The samples of LADA group were well clustered and distant from those of NM and DG groups (Fig. 1). Heat maps depicted the hierarchical clustering of these altered circRNAs in three groups are shown in Figure 2 (|fold change| > 2 and p-value <0.05). Scotty tool (Busby et al., 2013) (http://scotty.genetics.utah.edu) was applied for statistical power analysis, using the gene expression results obtained from the current study. It indicated that with an average of 10 M reads and four replicates per treatment condition, one can identify 80% of the genes with at least 50% maximum power with at least 2 × fold change at a false discovery rate (FDR) of 0.05. We, therefore, conclude that our study, which included four replicates for each treatment and an average read depth of 10 million reads had sufficient statistical power to detect differential gene expression.

PCA depicts the sample correlations using the expression data of all altered circRNAs. LADA participants (LA), T2DM participants (DM), and healthy participants (NG). circRNA, circular RNA; LADA, latent autoimmune diabetes in adults; PCA, principal component analysis; T2DM, type 2 diabetes mellitus.
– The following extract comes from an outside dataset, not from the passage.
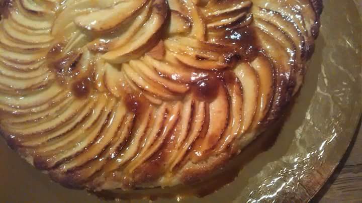 c’est juste une simple tarte aux pommes avec un pâte sucrée façon Felder, une crème d’amande et des goldens…

The heat map depicts the hierarchical clustering of altered circRNAs in three groups. Red represents upregulation while green represents downregulation.
KEGG pathway enrichment analysis of the circRNA host genes showed an overrepresentation of genes involved several crucial pathways, including tumor necrosis factor (TNF) signaling pathway, FoxO signaling pathway (enriched for host genes of downregulated circRNA in group DM compared with group NG), cellular senescence (enriched for host genes of downregulated circRNA in group LADA compared with group NG) and long-term potentiation (enriched for host genes of upregulated circRNA in group LADA compared with group DM) (all FDR p < 0.05). Detailed information can be found in Table 2.
Kyoto Encyclopedia of Genes and Genomes Pathway Enrichment Analysis of the Circular RNA Host Gene
PathwayID: Pathway identifiers used in KEGG; Definition: definition of the Pathway; Fisher-p-value: enrichment p-value of the PathwayID used Fisher's exact test; GeneRatio: Count of the DE genes' entities directly associated with the listed PathwayID divided by the total number of the DE genes' entities; BgRatio: count of the chosen background population genes' entities associated with the listed PathwayID divided by the total number of chosen background population genes' entities; FDR: the false discovery rate of the PathwayID; GENES: Host genes associated with the PathwayID. Type: the origination of the differentially expressed circRNA.
circRNA, circular RNA; KEGG, Kyoto Encyclopedia of Genes and Genomes; TNF, tumor necrosis factor.
After screening and comparison, six highly dysregulated circRNAs are listed in Table 3, which were selected according to the following conditions: (1) Basic parameters: |fold change| > 2 and p-value <0.01; (2) Exon source for subsequent functional research; (3) circRNAs themselves or derived genes have been reported associated with diabetes, two of which were recognized as unannotated, new circRNAs in the circBase or Circ2Traits database. According to the txStart genome coordinates of the circRNAs, we named them hsa_circ_62540520 and has_circ_100670302. The expression of these circRNAs have been validated in the whole cohort by quantitative reverse transcription-polymerase chain reaction (qRT-PCR) (Fig. 3). Detailed information of primer sequences can be found in Supplementary Table S2.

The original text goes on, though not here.